Le programme d’installation est configuré pour exécuter un script Visual Basic qui se dirige vers un serveur externe dans le but probable de recevoir la charge utile de l’étape suivante. La nature exacte du malware diffusé est actuellement inconnue.
Un aspect notable de la campagne est que l’auteur de la menace a réussi à infiltrer le compte publicitaire d’une entreprise australienne légitime et à créer les publicités.
« Les acteurs malveillants continuent d’exploiter les annonces du Réseau de Recherche pour rediriger les utilisateurs vers des sites malveillants hébergeant des logiciels malveillants », a déclaré Segura. « Avec des pages de destination convaincantes, les victimes peuvent facilement être amenées à télécharger des logiciels malveillants sans s’en rendre compte. »

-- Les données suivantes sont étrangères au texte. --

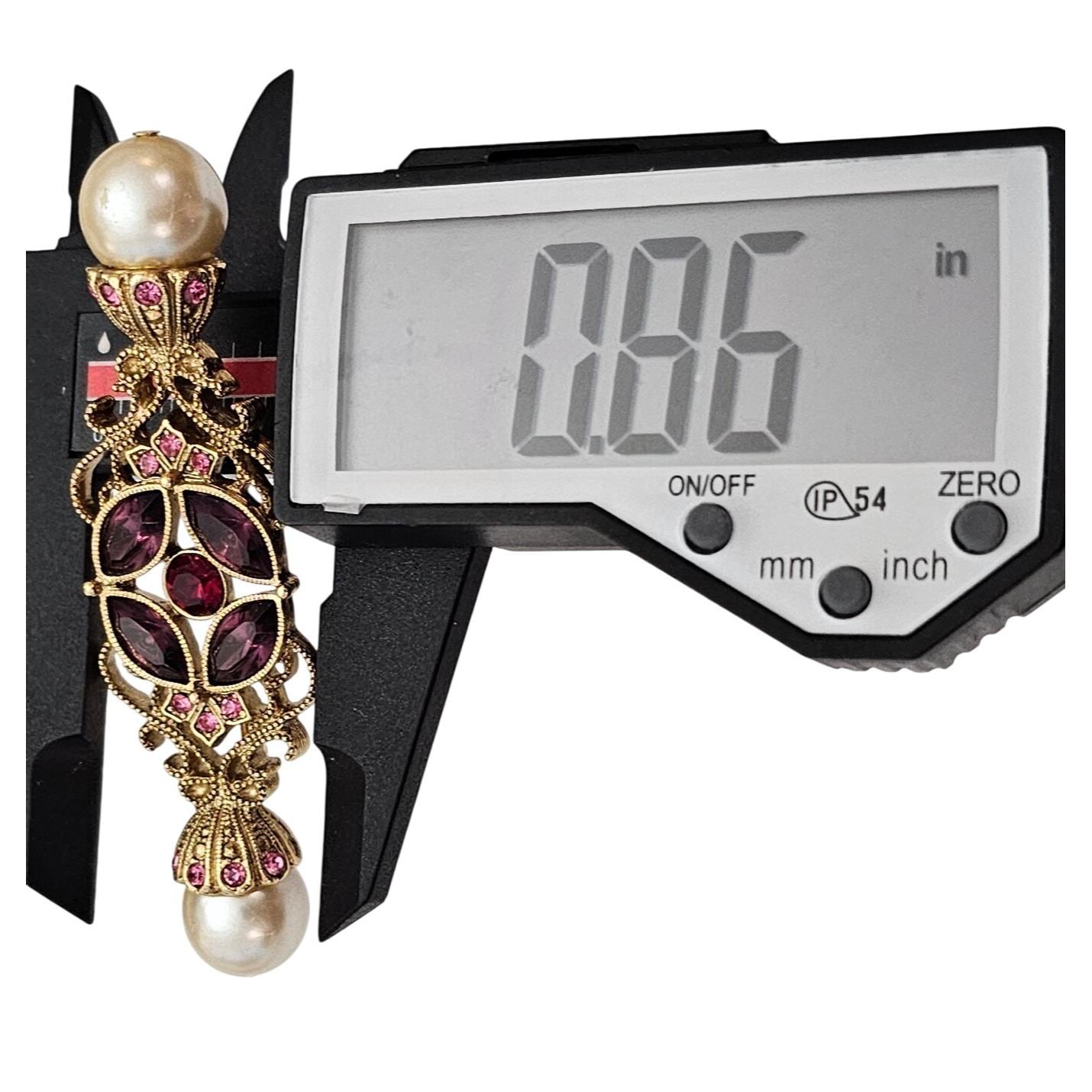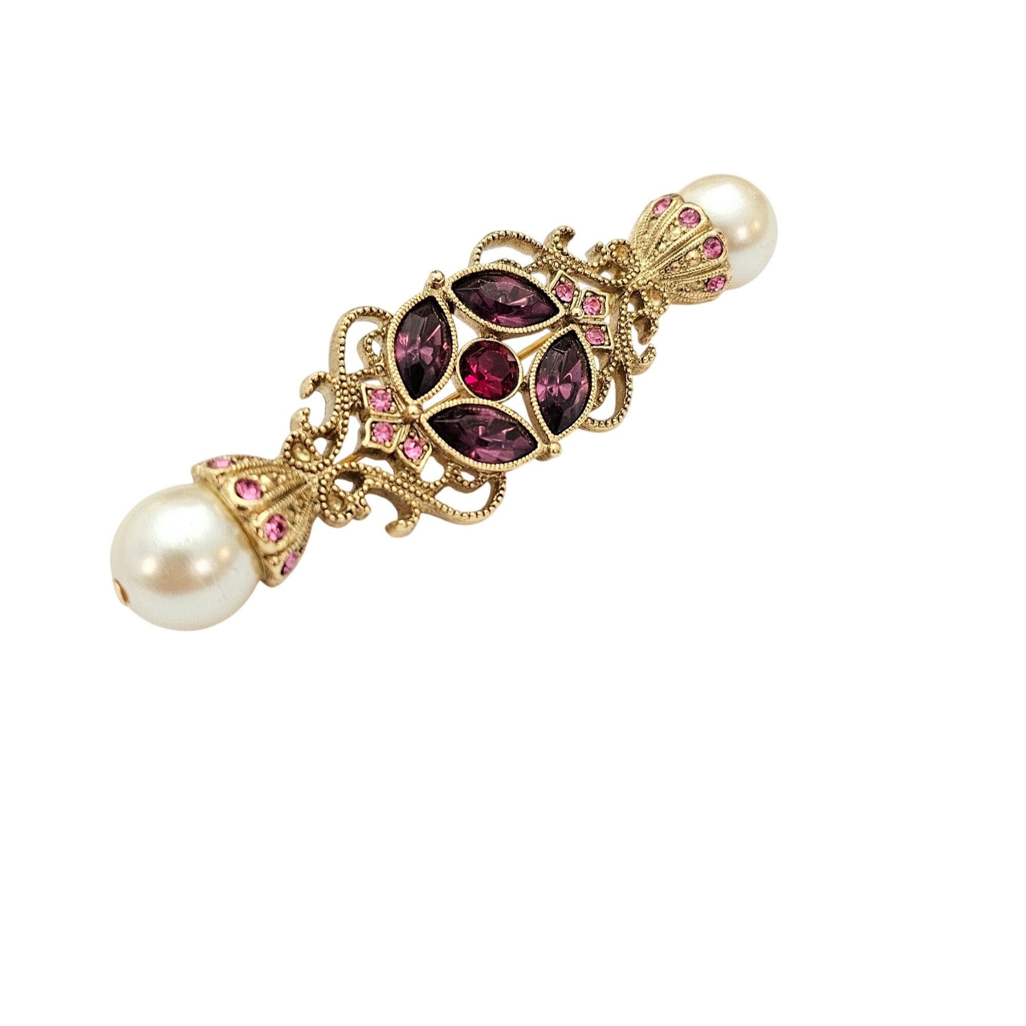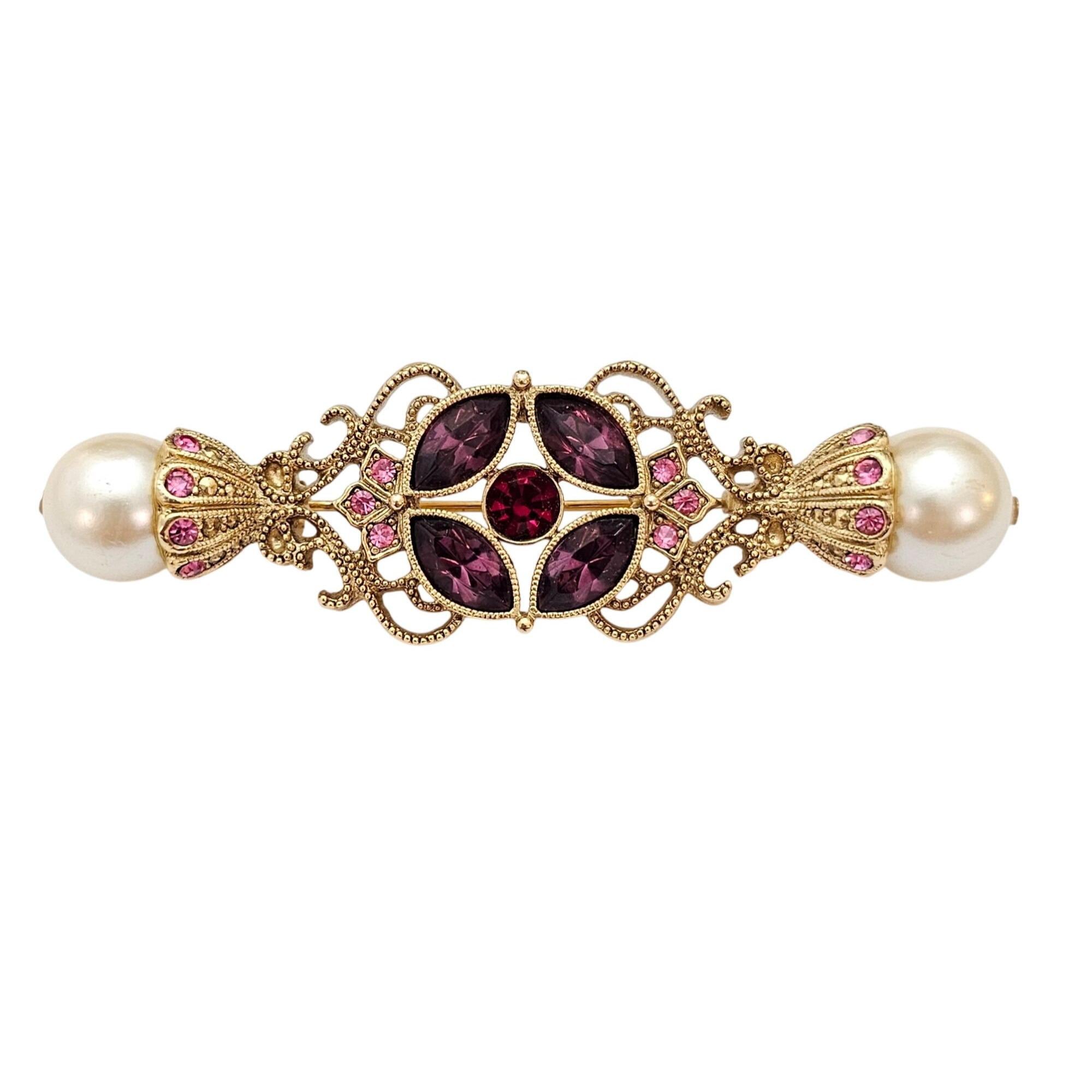 1928 Brand Pink Red Purple Bar Brooch Faux Pearl Art Nouveau Style Pin J707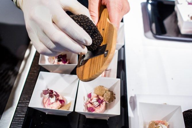 An der aussergewöhnlichenLocation Gate Gourmet am Flughafen Zürich startete am vergangenen Mittwoch bereits die 3. Auflage des «Il Tavolo»-Food Festivals. An der Opening Night verwöhnten die Köche der teilnehmenden Hotels, Maurice Marro & Olivier Rais (Baur au Lac), Sebastian Diegmann (Eden au Lac), Frank Widmer (Park HyattZürich), Fredi Nussbaum (Storchen Zürich), Gion Fetz und Ingo Kühn (The Dolder Grand), Dietmar Sawyere (WidderHotel), und Special Guest Oliver Fischer (Gate Gourmet Switzerland) sowie deren Gastköche, die Gäste mit exquisiten Köstlichkeiten.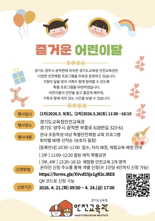 한방통신사 신유철기자 기자 | 경기도교육청안전교육관이 가정의 달을 맞아 가족이 함께 참여해 안전의 중요성을 쉽고 즐겁게 배울 수 있도록 ‘가정의 달 안전교육 특별 프로그램’을 운영한다.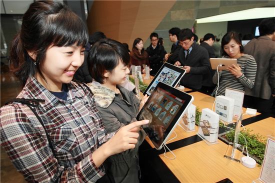 [아시아경제 조성훈 기자]KT가 아이패드를 활용한 모바일오피스 사업에 나선다. 경쟁사인 SK텔레콤도 갤럭시탭 기반 B2B사업에 박차를 가하고 있어 태블릿발 기업고객 확보전쟁이 본격화될 전망이다.KT(대표 이석채)는 2일 서울 광화문 사옥에서 이상훈 기업고객부문 사장 주관으로 기자간담회를 갖고 아이패드에 적용되는 보험영업과 증권영업, 병원, 모바일그룹웨어 등을 공개했다.보험영업 솔루션의 경우 보험견적, 판매, 청약 등을 아이패드에서 처리할 수 있으며 병원 솔루션은 전자의무기록, 영상저장시스템 등의 정보를 실시간으로 확인해 신속한 진료가 가능하도록 한 것이 특징이다. KT는 보험사, 증권사, 의료기관을 위한 태블릿PC 솔루션은 이미 개발을 완료했으며, 외식업, 교육, 부동산 등 다양한 업종의 솔루션들은 개발을 진행 중이라고 밝혔다. 이상훈 사장은 “다양한 업종에서 적용할 수 있도록 태블릿PC 기반 솔루션 개발을 더욱 강화해 나갈 것”이라고 밝혔다. KT는 이와함께 연초 목표했던 기업고객대상 매출 3조 6000원, 모바일 오피스 고객 15만 순증을 무난히 달성할 것이라고 이날 밝혔다. 내년에는 클라우드 컴퓨팅을 적용한 ‘스마트 네트워크’를 통해 올해 보다 4000억원 증가한 4조원 이상으로 매출을 확대하는 동시에 솔루션이 적용된 모바일 오피스 고객도 40만 이상 순증을 목표로 하고 있다. U-시티, 에너지 솔루션, 디지털 사이니지(광고물), 기기간통신(M2M) 등 사업분야는 100% 성장시키겠다는 방침이다.앞서 KT는 지난 1월 27일 기업고객 시장의 성장전략인 ‘스마트(S.M.ART : Save cost, Maximize profit ART)’ 전략과 함께 ▲기업 ▲ 소호및 중기 ▲공공 ▲빌딩 ▲스마트존 ▲그린 등 6개 전략대상(스마트6)을 밝힌 바 있다.KT는 올해 스마트6 전 영역에서 1700여 건에 이르는 추진사례를 확보했다고 밝혔다. 스마트6의 대표적 구축사례로 KT는 전남 여수시 돌산읍 가두리양식장에 CCTV와 센서, 초음파 조류퇴치서비스를 접목해 철새들의 양식어류 포식을 방지한 사례를 꼽았다. 귀뚜라미보일러의 경우 KT 모바일오피스 도입 뒤 1인당 AS 처리가 두배 가량 늘어나는 등 업무효율이 크게 개선됐다고 덧붙였다.조성훈 기자 search@<ⓒ세계를 보는 창 경제를 보는 눈, 아시아경제(www.asiae.co.kr) 무단전재 배포금지>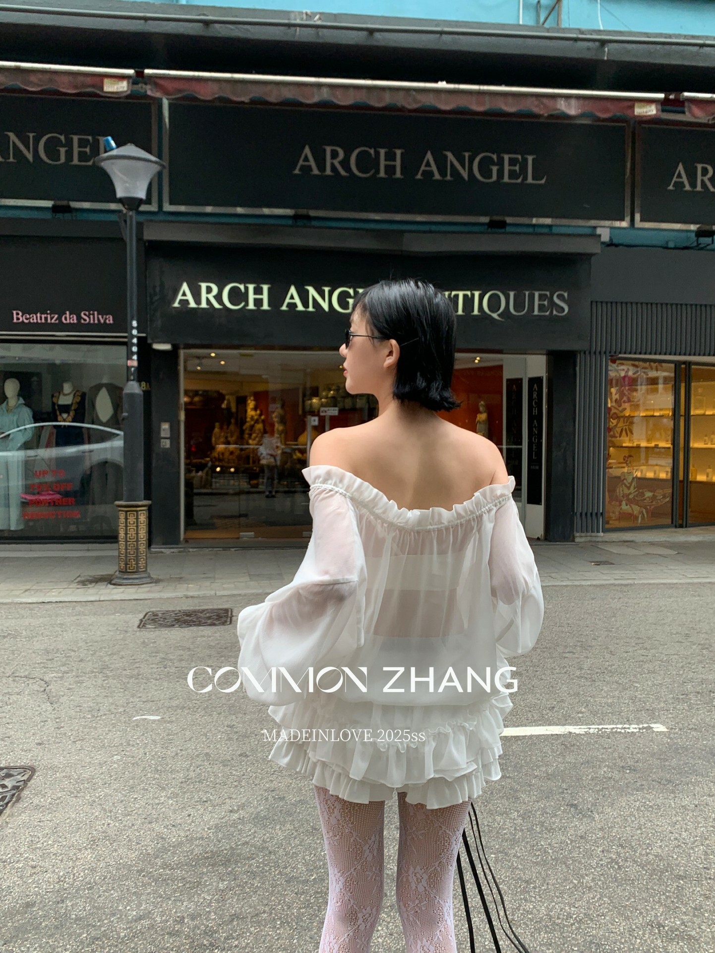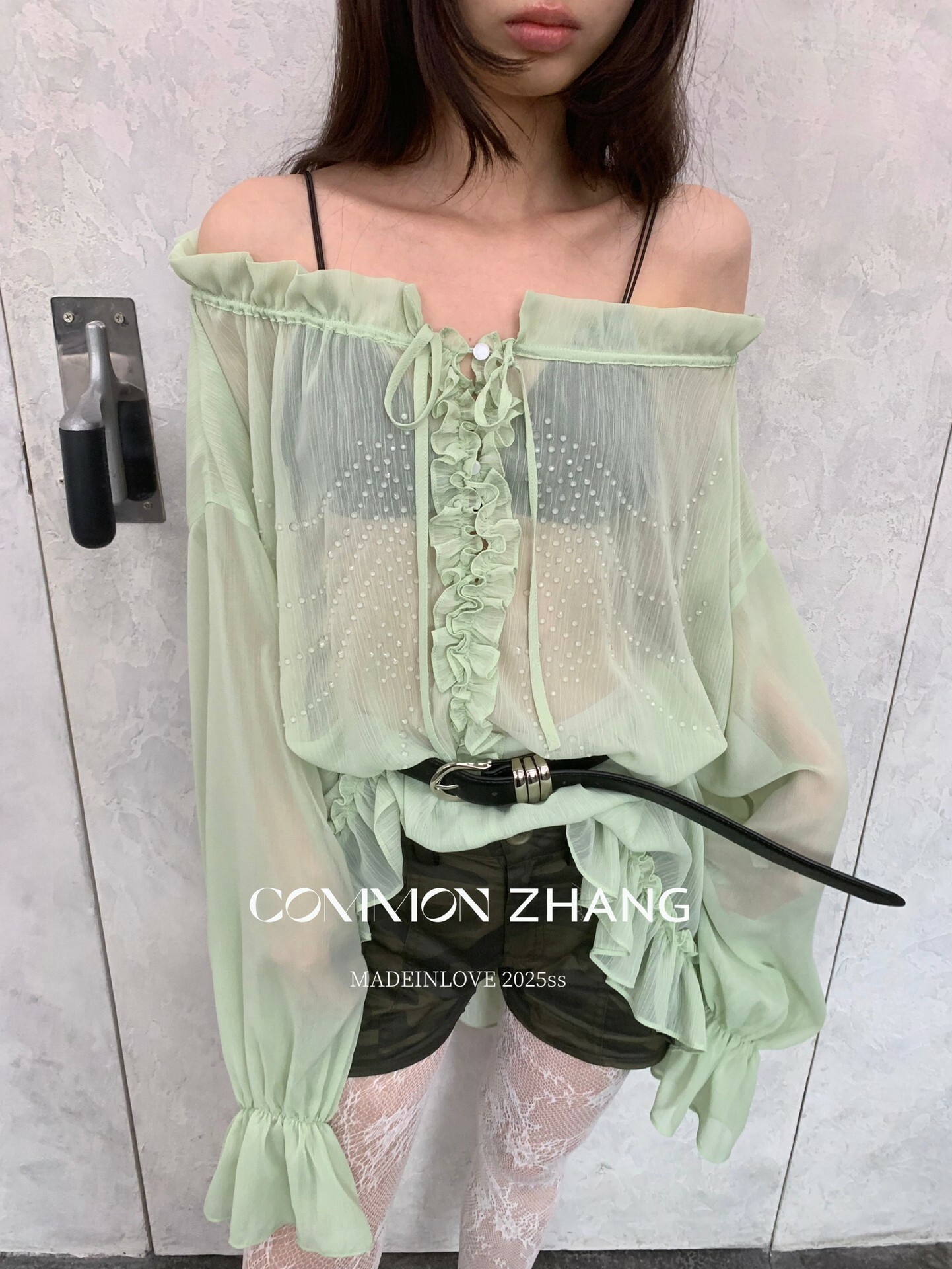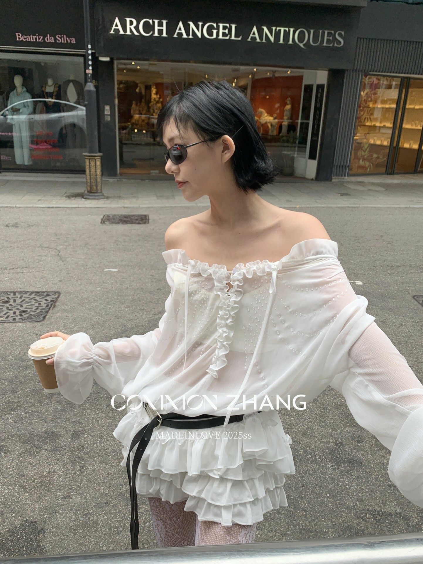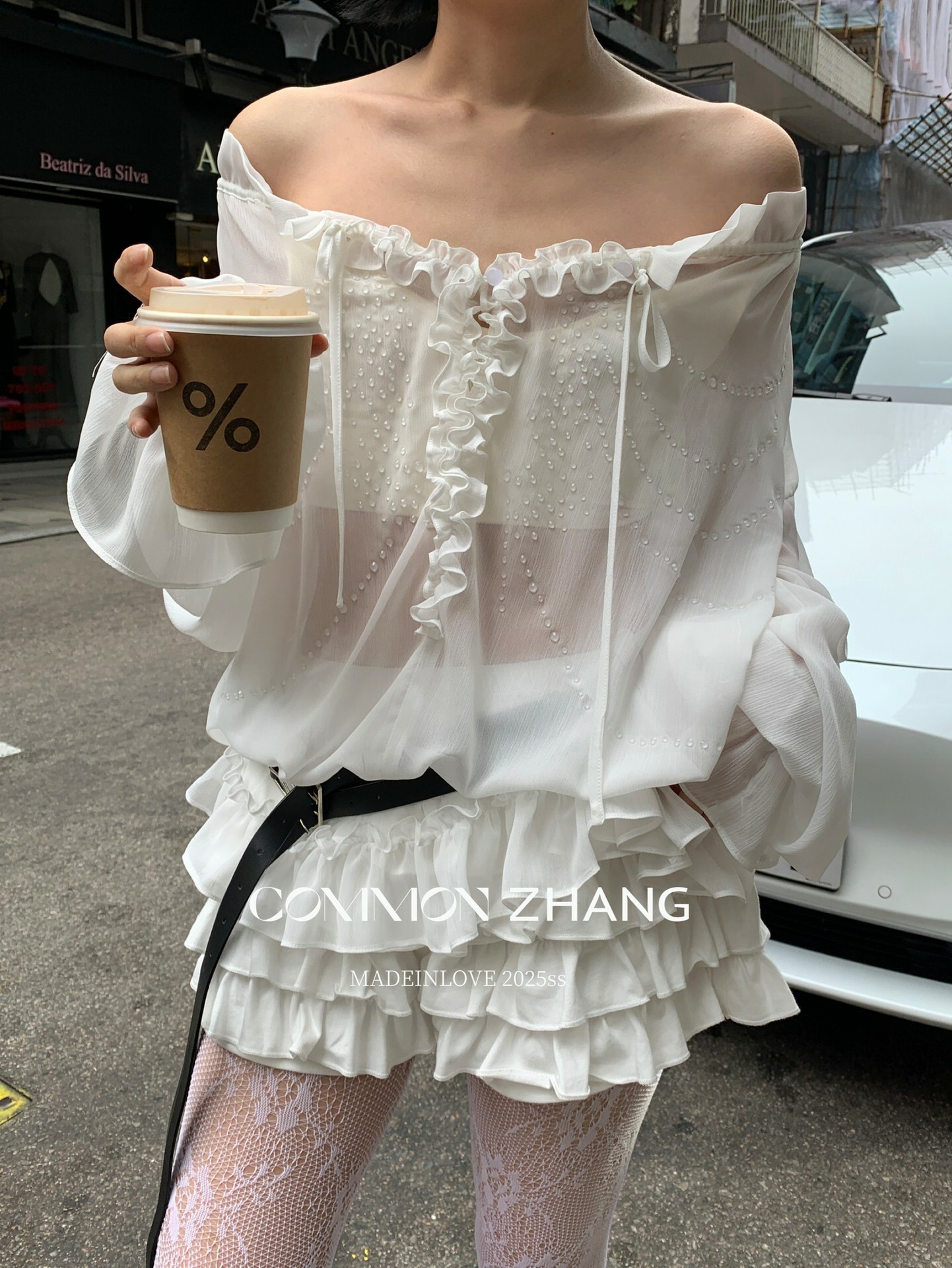 *o-ha-you*【FCZCB103542】夏季性感透視水滴珠花邊拼接繫帶一字肩百搭小衫-2色

La révélation arrive alors Akamai et Point de perception découvert un campagne en plusieurs étapes cela implique d’attaquer les systèmes des hôtels, des sites de réservation et des agences de voyages avec des logiciels malveillants voleurs d’informations, puis d’exploiter l’accès aux comptes pour récupérer les données financières appartenant aux clients en utilisant de fausses pages de réservation.
« L’attaquant, se faisant passer pour l’hôtel, contacte le client via le site de réservation, l’invitant à ‘reconfirmer sa carte de crédit’, puis vole les informations du client », a déclaré Shiran Guez, chercheuse d’Akamai, soulignant comment les attaques ciblent les clients. sur le sentiment d’urgence de la victime de réaliser l’opération.
Cofense, dans un rapport publié cette semaine, a déclaré que le secteur de l’hôtellerie a été la cible d’une « attaque d’ingénierie sociale bien conçue et innovante » conçue pour diffuser des logiciels malveillants tels que Lumma Stealer, RedLine Stealer, Stealc, Spidey Bot, et Vidar.
« Pour l’instant, la campagne cible uniquement le secteur de l’hôtellerie, en ciblant principalement les chaînes d’hôtels et les complexes hôteliers de luxe, et utilise des leurres relatifs à ce secteur tels que les demandes de réservation, les modifications de réservation et les demandes spéciales », a déclaré Cofense. dit.
« Les leurres pour les e-mails de reconnaissance et de phishing correspondent en conséquence et sont bien pensés. »
La société de gestion des menaces de phishing en entreprise a déclaré qu’elle observé des pièces jointes HTML malveillantes destinées à mener des attaques Browser-in-the-Browser (BitB) en affichant des fenêtres pop-up apparemment inoffensives qui incitent les destinataires de courrier électronique à fournir leurs informations d’identification Microsoft.
Dans une autre illustration de la nature évolutive des attaques de phishing, les acteurs malveillants ont commencé à utiliser une technique appelée ZéroFont dans lequel une partie sélectionnée du corps du message est écrite dans une police de taille zéro pixel pour donner l’impression que l’e-mail a passé avec succès les contrôles de sécurité.
Plus précisément, l’attaque consiste à manipuler les aperçus des messages sur Microsoft Outlook de telle sorte que le texte « invisible » se trouve au début du message. Cela tire parti du fait que les clients de messagerie affichent n’importe quel texte dans la vue liste, même s’il n’a pas de taille de police.
« Bien qu’il s’agisse d’une technique avec un impact mineur, elle peut néanmoins faire croire à certains destinataires qu’un message de phishing est digne de confiance », SANS Internet Storm Center (ISC) dit. « Il s’agit en tout cas d’un petit ajout supplémentaire à la boîte à outils des acteurs menaçants qui peut être utilisé pour créer des campagnes de phishing plus efficaces. »
Ces découvertes sont le signe que les acteurs de la menace trouvent constamment de nouveaux moyens d’infiltrer leurs cibles à leur insu. Les utilisateurs doivent éviter de cliquer sur des liens non sollicités, même s’ils semblent légitimes, se méfier des messages urgents ou menaçants demandant une action immédiate et vérifier les URL pour détecter des indicateurs de tromperie.